This sample demonstrates how a publisher can publish messages to two subscribers, using a central shared subscription storage to manage subscriptions.

Contrary to the PubSub sample, it is not required that the publisher/subscribers be started in any particular order, and no endpoint mappings are needed.

You need a local SQL Server database called RebusPubSubCentralized for this demo to work.

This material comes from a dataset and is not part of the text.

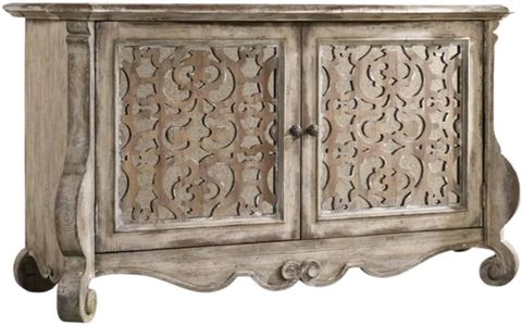 Set a buffet of livable luxury. The timeless Chatelet buffet features two mirrored fretwork doors, a scalloped base and the soft amber caramel froth finish. The accent finish is paris vintage, a distressed white with fretwork overlay.Read More

The reason a "subscription storage" is needed, is because MSMQ is used as the transport, and it does not support pub/sub natively.

Azure Service Bus

For example, if you're using Azure Service Bus, Rebus will leverage its built-in topic-based routing for publishing events.

Therefore, when using Azure Service Bus the .Subscriptions(...) part of the configuration is not needed, and the configuration can e.g. be changed into this:

Configure.With(activator)
    .Logging(l => l.ColoredConsole(minLevel: LogLevel.Warn))
    .Transport(t => t.UseAzureServiceBus(connectionString, "subscriber2"))
    .Start();

Rebus will then create topics and bindings as needed, so when you

await bus.Subscribe<SomeEvent>();

a topic named after the assembly, namespace, and type name will be created, and a subscription beneath it will forward received messages to the caller's input queue (subscriber2 in this case).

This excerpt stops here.